Mr Kafunjo, however, says, there is a Trade Secret Protection Act, which can work for traditional healers (spirituality). "That is also an IP law that was enacted in 2009. Kazire manufactures pharmaceutical products from herbal medicines but they will never disclose the formula they use, it remains a trade secret. That is another law that protects traditional healers," he explains. 

Cost of registering herbal medicine

Mr Mwanga says the cost involved in getting the products registered with NDA is also a hindering factor. He acknowledges that registering the product would be a game changer in his earnings.

“The other time, I was at NCRI, they told me phytochemical examination is Shs250,000. But they also require microbiology examination. The entire thing can be around Shs500,000. It is a good thing because if they do it I will ease marketing in Uganda and beyond,” he says. But NCRI mentioned a lower amount of money. Mwanga says he also incurred other costs during product development. 

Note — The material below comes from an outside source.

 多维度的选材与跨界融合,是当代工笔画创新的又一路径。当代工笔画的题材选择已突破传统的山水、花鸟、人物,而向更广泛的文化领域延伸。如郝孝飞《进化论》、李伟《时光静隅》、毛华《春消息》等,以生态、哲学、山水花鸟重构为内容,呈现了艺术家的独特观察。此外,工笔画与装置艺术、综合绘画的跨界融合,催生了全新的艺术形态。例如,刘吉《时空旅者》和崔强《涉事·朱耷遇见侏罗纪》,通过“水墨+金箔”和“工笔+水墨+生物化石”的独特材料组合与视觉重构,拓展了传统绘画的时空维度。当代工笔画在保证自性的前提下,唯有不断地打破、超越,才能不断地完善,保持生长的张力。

Dr Grace Nambatya, the NCRI Director, who also sits on the NDA Board, says the initial approval of herbal medicine (product registration) takes around three months.

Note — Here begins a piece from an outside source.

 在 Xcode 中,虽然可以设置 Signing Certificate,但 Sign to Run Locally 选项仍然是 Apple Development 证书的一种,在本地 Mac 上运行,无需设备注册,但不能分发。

“When you have a product [herbal medicine], you should bring the samples to us [NCRI which is at Wandegeya) for assessment on safety” she says.

Joseph Muyanja, one of the government scientists who assesses herbal products before getting NDA approval, says they test for the presence of specific plant chemicals which kill bacteria, fungi or viruses.

“The phytochemical tests [assessing plant chemicals of medicinal value] costs around Shs100,000. After this, the toxicity tests are done to ensure the product is not harmful. This requires around Shs150,000, the developer should buy laboratory animals [guineas pigs or rats] where the product is tested on,” he says.

Dr Nambatya says after completing the steps, the NDA verifies the results and validates a product so that the developer can proceed to do mass manufacturing and sales.

She, however, warns developers not to use the word “cure”. She says a product can only be declared as a cure after completing clinical trials, which used to take up to six years, but with the advent of Covid-19, trials for vaccines have been done in just about a year. However, the trials also require billions of shillings, which many herbalists in Uganda may not be able to afford.

NCRI and government scientists have conducted clinical trials for one herbal medicine –UBV-01N, a product which was indicated for managing Covid-19, but the results have not been made public. She also notes that there is a need to boost post-market surveillance to ensure adherence to standards in all manufacturing processes even after the product registration.

TRAINING FOR HERBALISTS

Mr Jamil Lutaakome Mukwaya, the president of the Uganda Herbalists Association, who also sits on the NDA Board, says they are working with the government to sensitise herbalists and bridge the knowledge gap and improve product quality. “When you compare the knowledge gap between the herbalists and the scientists, there is a vacuum but through sensitisation, we are linking them up to different facilities to take their products for analysis,” he says. Mr Mukwaya adds: “In NDA, we have an approach of sensitising herbalists across the country. In every quarter of the year, we have specific districts where we go and mobilise those traditional health practitioners. We gather them and give them information.” “We are also grateful that NDA in conjunction with the Directorate of Industrial Training, we developed a curriculum which is used to train traditional health practitioners so that they can acquire a document which can help to introduce them to any facility/office as skilled [trained] herbalists,” he adds. Mr Mukwaya appeals to the government to expedite the establishment of the council for regulating herbalists and traditional healers. He says about half of the practitioners in the country are quacks. “The delays by the government to operationalise the TCM Act are some of the major hindrances to addressing the issue of quacks. We need the council to be put in place in line with the TCM Act, the council will register the genuine herbalists and the quacks will be out,” Mr Mukwaya adds. “However, the cost also needs to be talked about because some may not have money for testing the medicines yet the medicines such as the one for cancer, may be highly needed,” he adds.